A pathophysiologic approach for subacute encephalopathy with seizures in alcoholics (SESA) syndrome.

作者信息

Choi Jun Yong, Kwon Jiwon, Bae Eun-Kee

机构信息

Department of Neurology, Inha University Hospital, 7-206, 3-Ga, Sinheung-Dong, Jung-Gu, Incheon 400-711, Republic of Korea.

Department of Neurology, Inha University Hospital, 7-206, 3-Ga, Sinheung-Dong, Jung-Gu, Incheon 400-711, Republic of Korea.

出版信息

J Clin Neurosci. 2014 Sep;21(9):1649-52. doi: 10.1016/j.jocn.2013.11.045. Epub 2014 Apr 24.

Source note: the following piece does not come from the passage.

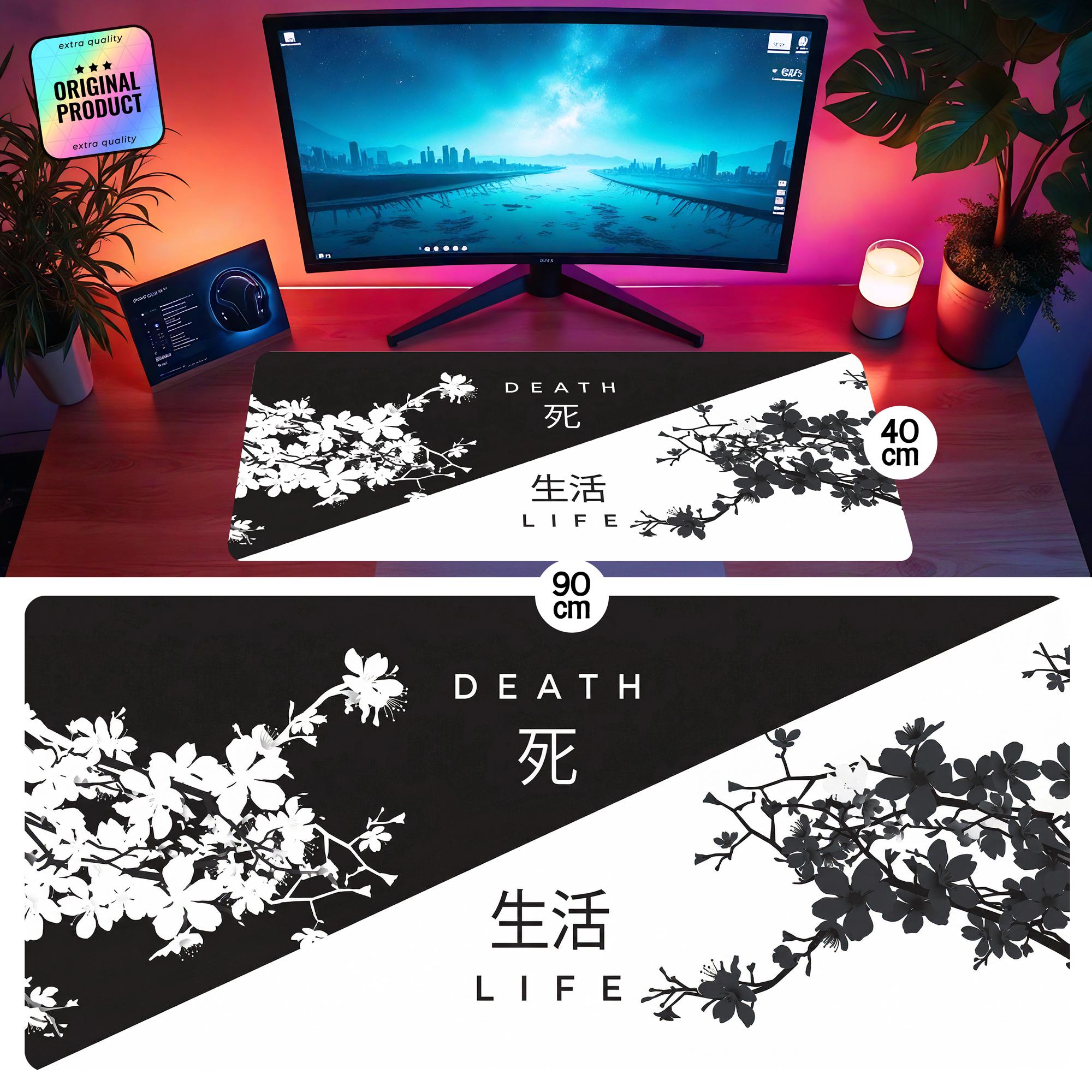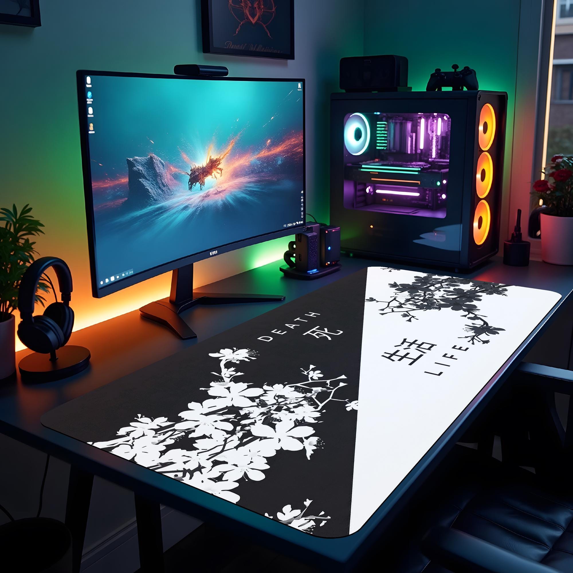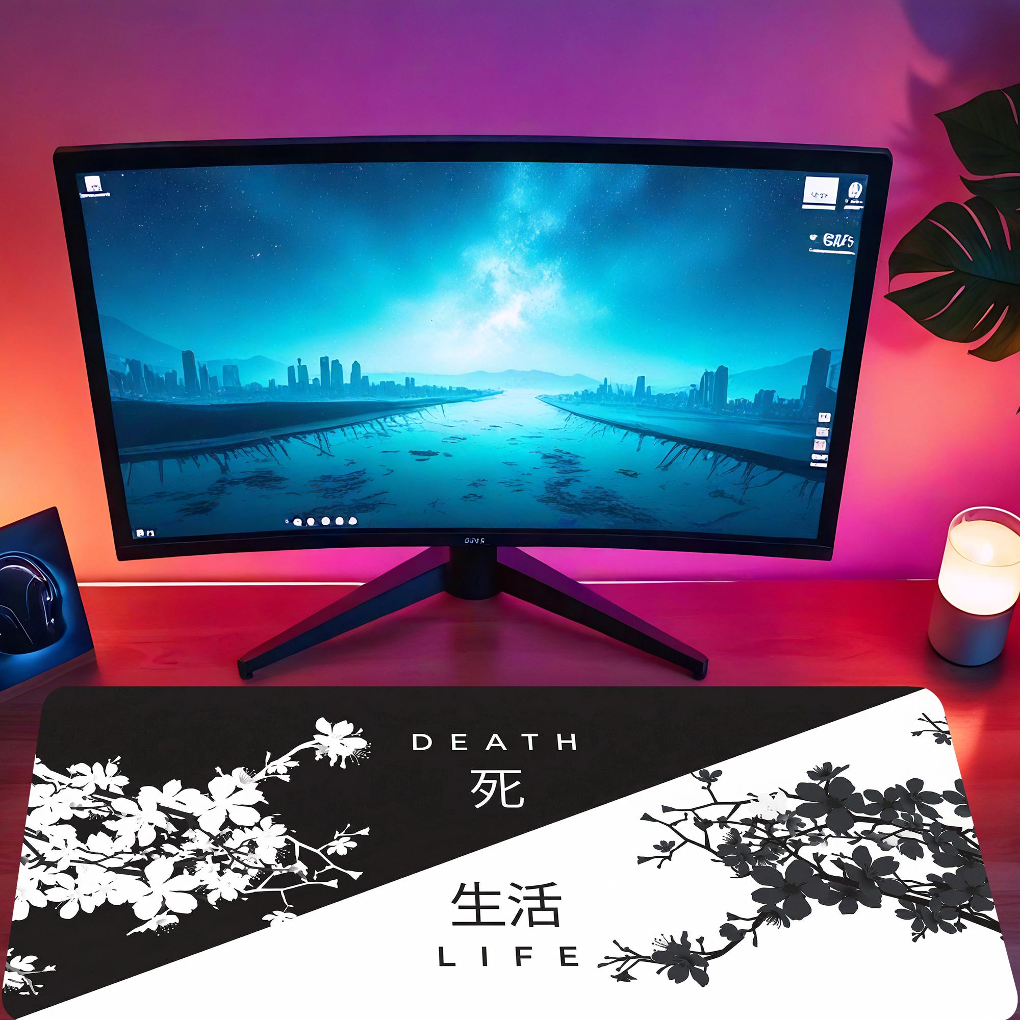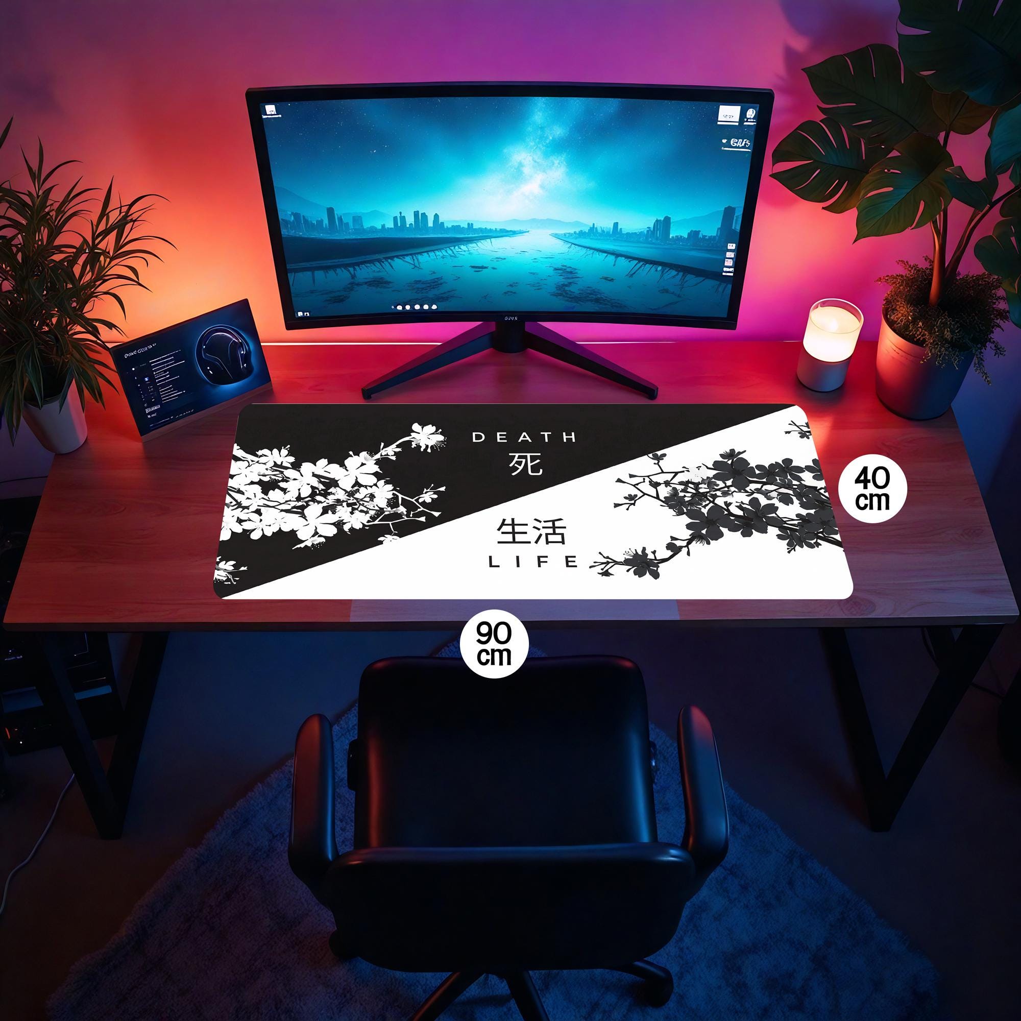 Death and Life Deskpad 90cm x 40cm, Black and White Floral Design, Office Desk Mat, Artistic Computer Mat

DOI:10.1016/j.jocn.2013.11.045
PMID:24768152
Abstract

Subacute encephalopathy with seizures in alcoholics (SESA) syndrome is a unique disease entity characterized by typical clinical and electroencephalographic (EEG) features in the setting of chronic alcoholism. We present two patients with distinctive serial MRI and EEG findings which suggest a clue to the underlying pathophysiologic mechanisms of SESA syndrome. Two patients with chronic alcoholism and alcoholic liver cirrhosis presented with generalized seizures and confused mental status. Brain MRI demonstrated restricted diffusion, increased T2-weighted signal intensity, and hyperperfusion in the presumed seizure focus and nearby posterior regions of the cerebral hemispheres. EEG showed periodic lateralized epileptiform discharges which were prominent in the posterior regions of the cerebral hemispheres ipsilateral to the side of brain MRI abnormalities. Even after patients clinically improved, these brain abnormalities persisted with progressive atrophic changes on follow-up brain MRI. These patients had not only the distinguishing clinical and EEG features of SESA syndrome, but also showed novel brain MRI abnormalities. These changes on MRI displayed characteristics of seizure-related changes. The posterior dominance of abnormalities on MRI and EEG suggests that the pathophysiologic mechanisms of SESA syndrome may share those of posterior reversible encephalopathy syndrome.

摘要

酒精性亚急性脑病伴癫痫发作(SESA)综合征是一种独特的疾病实体,其特征为在慢性酒精中毒背景下具有典型的临床和脑电图(EEG)表现。我们报告了两名患者,其系列MRI和EEG检查结果独特,提示了SESA综合征潜在病理生理机制的线索。两名患有慢性酒精中毒和酒精性肝硬化的患者出现全身性癫痫发作和精神状态紊乱。脑部MRI显示在推测的癫痫病灶及大脑半球附近后部区域存在扩散受限、T2加权信号强度增加和血流灌注增加。EEG显示周期性一侧性癫痫样放电,在与脑部MRI异常侧同侧的大脑半球后部区域较为突出。即使患者临床症状改善后,这些脑部异常仍持续存在,随访脑部MRI显示有进行性萎缩性改变。这些患者不仅具有SESA综合征独特的临床和EEG特征,还表现出新颖的脑部MRI异常。MRI上的这些改变显示出与癫痫相关改变的特征。MRI和EEG上异常的后部优势表明,SESA综合征的病理生理机制可能与后部可逆性脑病综合征相同。